The Henley-based Open Spaces Society is Britain’s oldest national conservation body, working throughout England and Wales. Founded in 1865 as the Commons Preservation Society, we spent our early years saving many commons and other open spaces in and around London: Hampstead Heath, Epping Forest and Wimbledon Common to name a few. In 1895 the society’s founders and early activists created the National Trust as a landholding body.

We have a website that displays a unique collection of more than 1,000 digitised lantern slides of places the society has helped to save in its early years. Do tell us if you can identify the unknown locations.

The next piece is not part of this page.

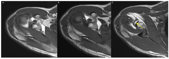 In a cadaveric study, Kwak et al. suggested that the position of the upper limb in the external rotation (ER) puts tension on the biceps–labrum complex and allows for a better evaluation of the lesions [6]. This result was later confirmed with an in vivo study by Jung et al., who evaluated the diagnostic accuracy of MR arthrography (MRA) in the detection of SLAP lesions between the neutral (N) and ER positions [7]. MRA is the gold standard technique for detecting SLAP lesions, but, alternatively, CT arthrography can be used, with the latter being almost equivalent to the former in SLAP diagnosis [8]. Of course, MRA is preferred to avoid radiation exposure and for its higher contrast resolution in soft tissues. To date, it is well-established that the position of the humeral head impacts the capsulolabral complex and must always be considered for a correct image interpretation [9]. However, no previous study has also assessed the performance of the internal rotation (IR) position of the upper limb in this setting. We decided to carry out this study to answer the following questions: (i) What is the added value of the multipositioning MRA protocol in SLAP diagnosis? (ii) What are the reliability and accuracy of the images acquired in the different shoulder positions? We expected to find higher diagnostic accuracy and inter-rater agreement when evaluating images in the ER position with progressive increases in the labrum diastasis length when moving from IR to N and then ER images. Thus, our study aimed to evaluate the diagnostic performance of the shoulder MRA acquired in the N, IR, and ER positions of the humeral head in the diagnosis of SLAP lesions.

Today we still safeguard common land – historic places which are privately owned, but where others have rights, of grazing or collecting wood for instance. Thanks to the efforts of the society and others, the public has the right to walk on all commons, and to ride on many. As a statutory consultee we scrutinise every application for works on commons. This year we helped to defeat an application for a superfluous access-road across Chesham Bois Common in the Chilterns Area of Outstanding Natural Beauty.

Widmer
Widmer Field near Hazlemere

We advise communities on protecting their green spaces. They can register them as town or village greens if they have evidence of 20 years’ use for informal recreation, without permission or challenge. Then the land is protected from development and local people have the right of recreation there. We are encouraging landowners, especially local councils, voluntarily to register greens through our Grant a Green campaign. Our long-standing member, Grange Area Trust, has shown an excellent example by voluntarily registering 42-acre Widmer Fields, near Hazlemere, as a green so that it is safe for ever.

Our history of defending public paths goes back a long way. Today we are notified of all proposed changes to public paths and, where we have a local volunteer, we object if we believe the change is against the public interest. We advise our members on how to address path problems, and we step in where necessary.

The society is a small and nimble charity, ever ready to defend threatened spaces and paths. We take up hundreds of cases each year and, in championing our cause, we lobby parliament and local authorities. We have no public funding and rely on subscriptions, donations and legacies to support our vital work.